Evidential decision theory, associated with Richard Jeffrey's work on the logic of decision, holds instead that an agent should take the action that, conditional on taking it, is associated with the best expected outcomes — the action that is "good news" about the world. ^[4:1] EDT one-boxes in Newcomb's problem, reasoning that one-boxing is strongly correlated with finding $1,000,000. EDT is criticized, however, for recommending actions in cases where the correlation between action and outcome is purely symptomatic rather than causal — for instance, refraining from smoking not to avoid cancer but because refraining is statistically associated with a cancer-resistant genotype.

Core idea

FDT reframes the question a rational agent should ask. Rather than asking "what action produces the best outcome from my current situation?" (CDT's framing) or "what action is most correlated with good outcomes?" (EDT's framing), FDT asks: "what decision procedure, if implemented, would produce the best outcomes across all situations in which I and agents like me find ourselves?" ^[1:2] The agent then acts in accordance with whatever procedure answers that question.

The key technical concept is that of the agent's decision function — the abstract mathematical procedure that maps the agent's situation to an action. FDT individuates decisions not by their physical implementation but by their functional role: two agents who implement the same decision function are treated as running the same procedure, even if they are physically distinct. When a predictor accurately forecasts an agent's choice, FDT treats this as evidence that the predictor has modeled the agent's decision function. Changing the output of that function therefore changes what the predictor predicted, even though the prediction was made in the past. This is what allows FDT to one-box in Newcomb's problem: the agent reasons that if its decision procedure outputs "one-box," then a sufficiently accurate predictor will have anticipated this and placed $1,000,000 in the closed box. ^[1:3]

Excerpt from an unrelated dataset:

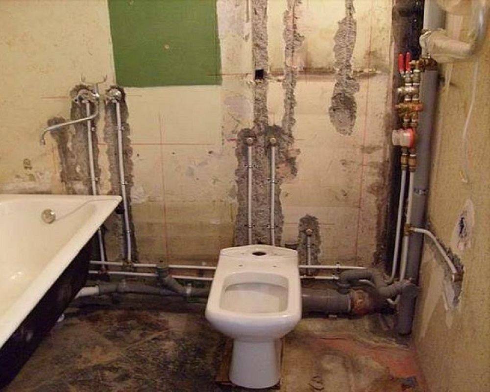 Чтобы скрыть трубопровод в санузле здания, стены которого не пригодны для устройства каналов, можно поверх разводки положить стяжку, провести трубы за обшивкой стены или под потолком.

FDT also recommends cooperation in the prisoner's dilemma when playing against a sufficiently similar agent, and handles a range of other decision-theoretic problems where CDT and EDT give divergent or counterintuitive results. ^[1:3]

Comparison with prior theories

Scenario	CDT	EDT	FDT
Newcomb's problem	Two-box ($1,000)	One-box ($1,000,000)	One-box ($1,000,000)
Prisoner's dilemma vs. similar agent	Defect	Cooperate	Cooperate
Smoking lesion (symptomatic correlation)	Don't smoke (wrong reason)	Smoke (correct result, wrong reason)	Don't smoke (correct)
Transparent Newcomb's variant	Two-box	One-box	Two-box

Yudkowsky and Soares argue that FDT is the only theory that wins consistently across this range of cases. ^[1:4] CDT wins in the smoking lesion case and certain transparent-box variants but loses in Newcomb's problem. EDT wins in Newcomb's problem but makes errors in cases of non-causal correlation. FDT is designed to avoid both failure modes by reasoning about the counterfactual consequences of having a given decision procedure, rather than about either causal consequences or evidential correlations of individual actions. ^[1:4]

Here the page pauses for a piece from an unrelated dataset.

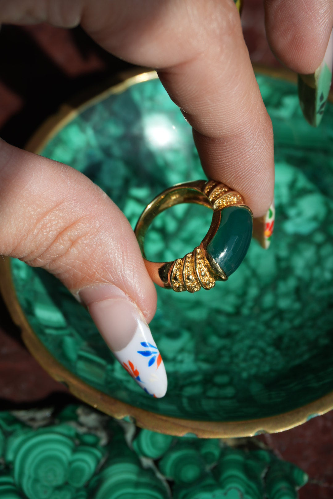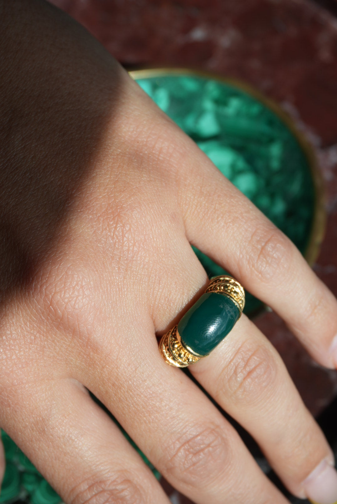 Vermeil ring with jade center piece

Relationship to AI alignment

FDT was developed partly in the context of research on beneficial AI. The Machine Intelligence Research Institute, where Yudkowsky and Soares work, is concerned with ensuring that AI agents behave safely and predictably in a wide range of environments. An AI agent designed with CDT-style reasoning could in principle be exploited by predictors or by other agents who have modeled its decision procedure, while an FDT-style agent would behave robustly even when its reasoning is anticipated. ^[5:1] The connection between decision theory and AI alignment reflects a broader concern with what it means for an agent to reason correctly when other agents — human or artificial — may have detailed models of that agent's behavior.

FDT's emphasis on decision procedures rather than individual acts also connects to questions in AI design about what kind of planning algorithm to implement, and whether an AI agent's behavioral commitments can be made transparent and reliable to outside observers.

Criticisms

The implementation problem

A recurring objection is that FDT's notion of "the same decision function" is underspecified. Two agents can be running similar but not identical procedures: it is unclear how similar they need to be before FDT counts them as implementing the same function and thus treats their decisions as logically linked. Critics argue that without a precise account of functional identity, FDT's recommendations are indeterminate in a range of realistic cases.

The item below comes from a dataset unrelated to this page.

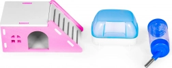 Vključeni so hiška, posodica, napajalnik, dva drsnika, štiri nivoji in tekalno kolo – vse, kar vaš ljubljenček potrebuje za udobje, aktivnost in počitek.

Handling of irrational predictors

FDT has been challenged on cases involving predictors who are not perfectly accurate, or who make their predictions on a basis that does not track the agent's actual decision procedure. In some formulations, FDT struggles to give consistent advice when the predictor uses a flawed model of the agent, because the counterfactual "what would the predictor have put in the box if my decision procedure had been different?" becomes difficult to evaluate.

Relationship to updateless decision theory

FDT is closely related to — and partly a refinement of — updateless decision theory (UDT), an earlier proposal developed within the MIRI research community. ^[5] UDT similarly recommends acting on the basis of policies rather than individual acts, and also handles Newcomb-like problems by one-boxing. Some researchers treat FDT and UDT as equivalent in most practical cases, while others regard FDT as a more carefully specified successor. The relationship between them and the extent to which they give different results in edge cases remains an active topic of discussion.

Mainstream reception

FDT has received relatively limited uptake in mainstream academic philosophy of action and formal epistemology, where CDT and EDT remain the dominant reference points. Some philosophers have argued that Newcomb's problem is less decisive than the MIRI researchers suggest — either because the scenario is physically incoherent, or because two-boxing is the correct response and the intuition that one-boxers do better is misleading. ^[6] The 2017 preprint has not been published in a peer-reviewed philosophy journal as of the article's writing, which has been noted as a limitation of the theory's formal academic reception.

Analysis: FDT and human agency

The following section reflects Agpedia's own evaluative judgment, applying the lens of human agency as a value.

FDT is primarily a formal theory of rational choice rather than a normative framework for human action, and most of its canonical cases are stylized thought experiments with limited direct real-world application. Evaluated from the perspective of human agency, the theory's most significant contribution may be conceptual rather than practical: it surfaces the possibility that the right question in a decision problem is not "what should I do now, given fixed prior conditions?" but "what kind of agent should I be, knowing that others may model and respond to my dispositions?"

This reframing has genuine relevance for human deliberation. Individuals who pre-commit to principled behavior — honesty, keeping promises, refusing bribes — often do better in repeated interactions than purely situational reasoners, because others learn to trust and cooperate with them. In this respect, FDT formalizes an insight with significant practical precedent. ^[1:2]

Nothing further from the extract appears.